_Work instructions:_ Only one span of the material below is wanted. Output it exactly, from the line with "- Power Automate > + 만들기 > 자동화된 클라우드 흐름" through the line with "3월분 할인쿠폰 신청은", without any pictures.

_Dataset extract:_
━━━━━━━━━━━━━━━━━━━━

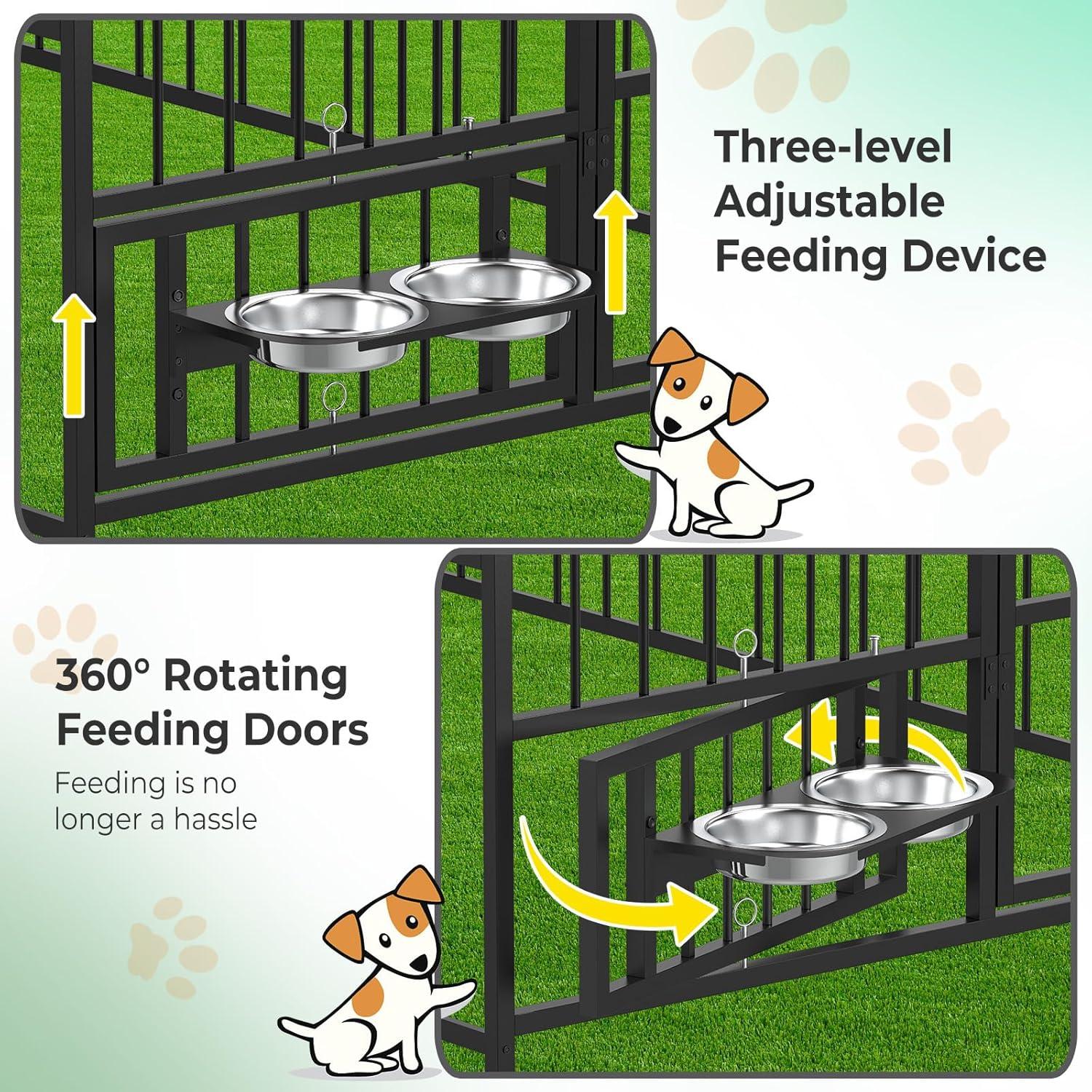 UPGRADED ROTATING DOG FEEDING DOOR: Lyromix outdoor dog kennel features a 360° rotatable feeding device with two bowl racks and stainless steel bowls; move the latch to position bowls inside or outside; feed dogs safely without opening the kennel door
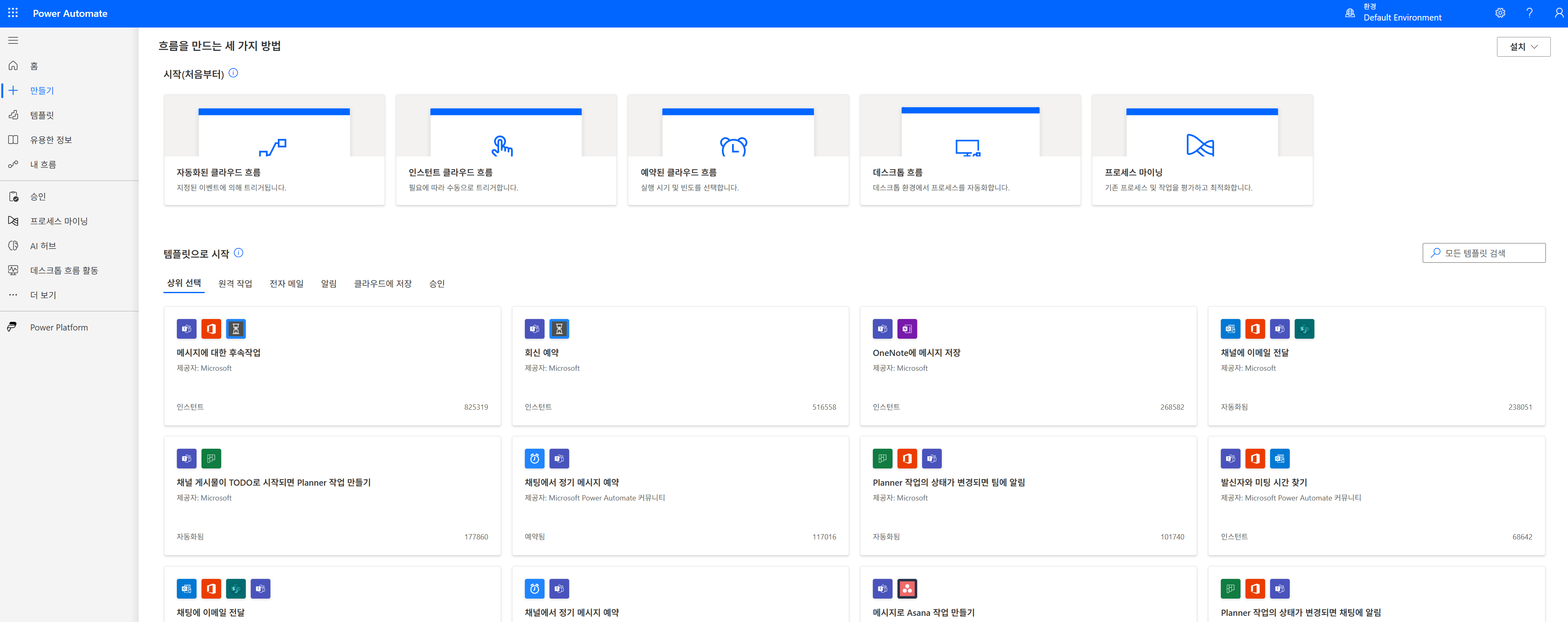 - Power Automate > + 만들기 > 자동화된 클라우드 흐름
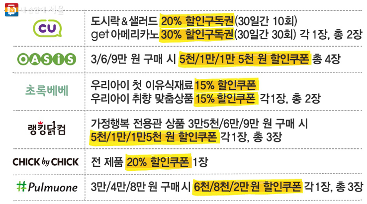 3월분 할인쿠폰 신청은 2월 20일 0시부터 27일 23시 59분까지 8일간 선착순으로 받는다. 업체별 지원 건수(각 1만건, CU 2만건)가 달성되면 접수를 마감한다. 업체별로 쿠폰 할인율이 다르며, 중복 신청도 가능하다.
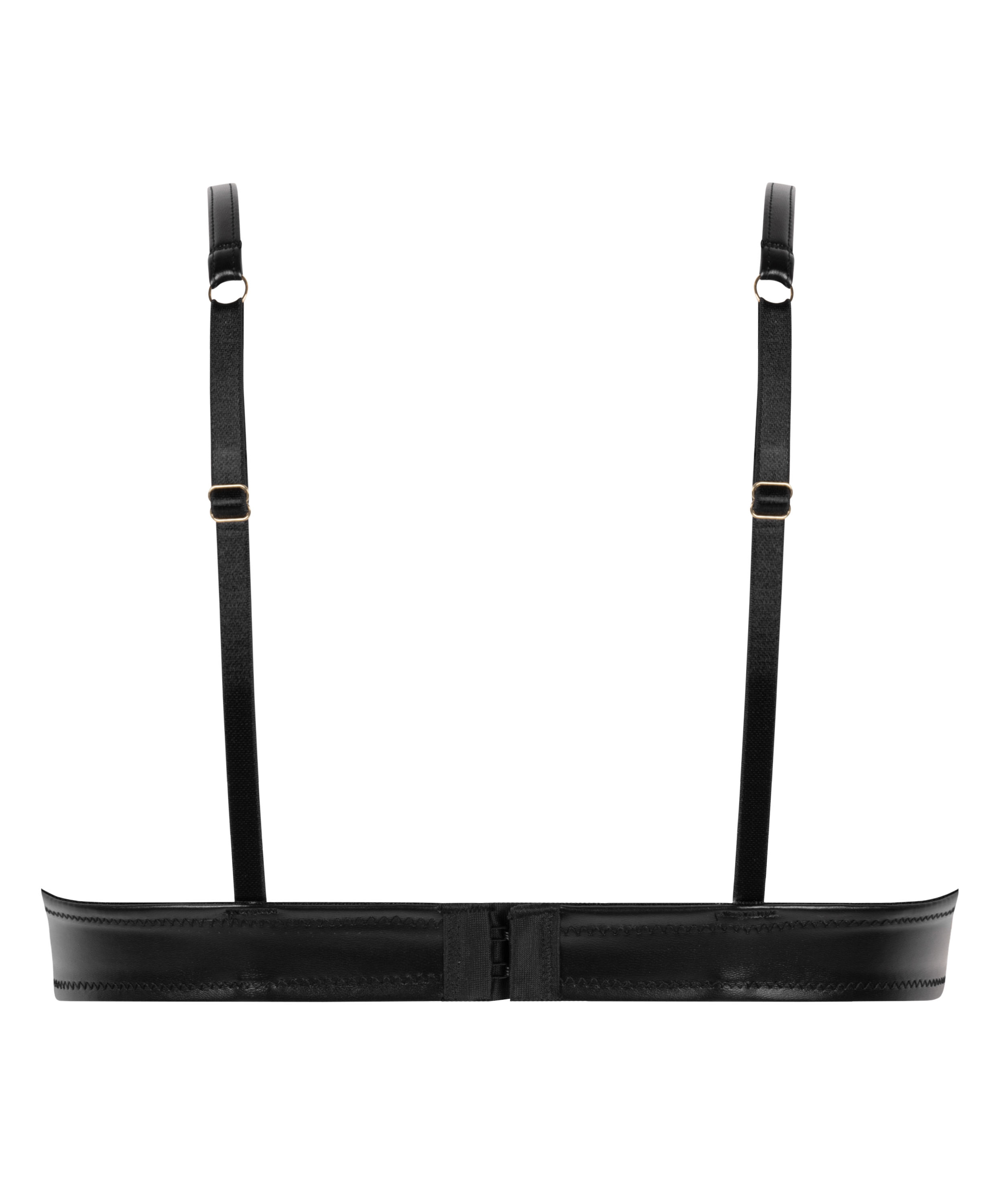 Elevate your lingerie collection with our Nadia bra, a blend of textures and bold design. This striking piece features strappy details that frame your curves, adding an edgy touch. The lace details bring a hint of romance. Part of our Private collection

━━━━━━━━━━━━━━━━━━━━

_Response to this exercise:_
 - Power Automate > + 만들기 > 자동화된 클라우드 흐름
 3월분 할인쿠폰 신청은 2월 20일 0시부터 27일 23시 59분까지 8일간 선착순으로 받는다. 업체별 지원 건수(각 1만건, CU 2만건)가 달성되면 접수를 마감한다. 업체별로 쿠폰 할인율이 다르며, 중복 신청도 가능하다.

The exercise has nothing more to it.